Hollinger’s evidence bill would lower the standard from “clear and convincing evidence” to a “preponderance of evidence” — the standard used by the majority of medical boards in the country, according to the Federation of State Medical Boards.
“Consumers in Maryland are not being protected . . . this is the only board left that threw out the law and tied the board to the medical society,” she said.
Wolfe said that Maryland’s board must get permission from MedChi before it can seriously discipline doctors, which he said is like leaving the “fox guarding the chicken coop.”
“They’ve got this nefarious relationship with the state medical society which disables the board from doing what it was created to do,” Wolfe said.
Preston called that suggestion “ridiculous.”
“The only relationship between the board and the medical society is that we administer peer-review cases,” he said.
But Hollinger rejected Preston’s claim that research physicians are skewing Maryland’s ranking. There were just as many research physicians in the early 1990s when the state ranked in the 20s, she said.
In the last two years, Maryland’s medical board has taken a total of 137 actions against the nearly 17,000 practicing physicians in the state, according to the Federation of State Medical Boards. Within that same time period, Maryland’s board said it received more than 2,900 complaints against physicians.
But the Maryland Office of Legislative Audits criticized the board in a 2002 report for its lack of oversight, lax security systems and slow processing of complaints. It noted that the board has issued a license to an unqualified individual, allowed board employees unauthorized access to physicians’ personal information and taken up to four years to process some complaints.
Any of those problems could have serious consequences, the auditors said.
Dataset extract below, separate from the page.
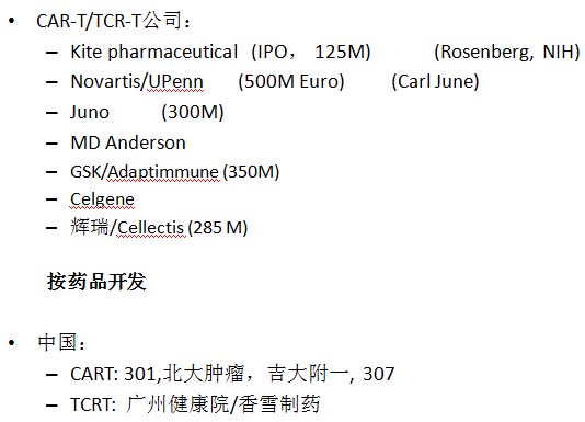2.通过过继性T细胞治疗,补充外源性的肿瘤特异性T细胞:CART/TCRT, TIL, Smart T/MASCT。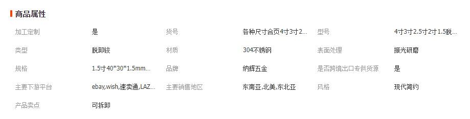 本网页所展示的有关【304不锈钢脱卸合页平开合页4寸3寸2.5寸2寸1.5寸工业门窗铰链重型_铰链_瑞安市纳辉五金厂】的信息/图片/参数等由全球零部件网的会员【瑞安市纳辉五金厂】提供,由全球零部件网会员【瑞安市纳辉五金厂】自行对信息/图片/参数等的真实性、准确性和合法性负责,本平台(本网站)仅提供展示服务,请谨慎交易,因交易而产生的法律关系及法律纠纷由您自行协商解决,本平台(本网站)对此不承担任何责任。您在本网页可以浏览【304不锈钢脱卸合页平开合页4寸3寸2.5寸2寸1.5寸工业门窗铰链重型_铰链_瑞安市纳辉五金厂】有关的信息/图片/价格等及提供【304不锈钢脱卸合页平开合页4寸3寸2.5寸2寸1.5寸工业门窗铰链重型_铰链_瑞安市纳辉五金厂】的商家公司简介、江南(中国)等信息。

“Some of the things just have the potential for problems, but it (the board) did allow someone to get a fraudulent license, which is a major problem for physicians,” said Gerald Martz, the director of fiscal compliance audits for the audit office.
The legislature must take some action this year on the board, which is set to expire on June 30. If it is allowed to lapse, Maryland would be the only state in the country without a board that licenses physicians.
“Before we take that incredible step, we have to answer the question, `Is the system broken?'” said Sen. Andrew Harris, R-Baltimore County. “I don’t know if we can make the justification for doing away with the board completely.”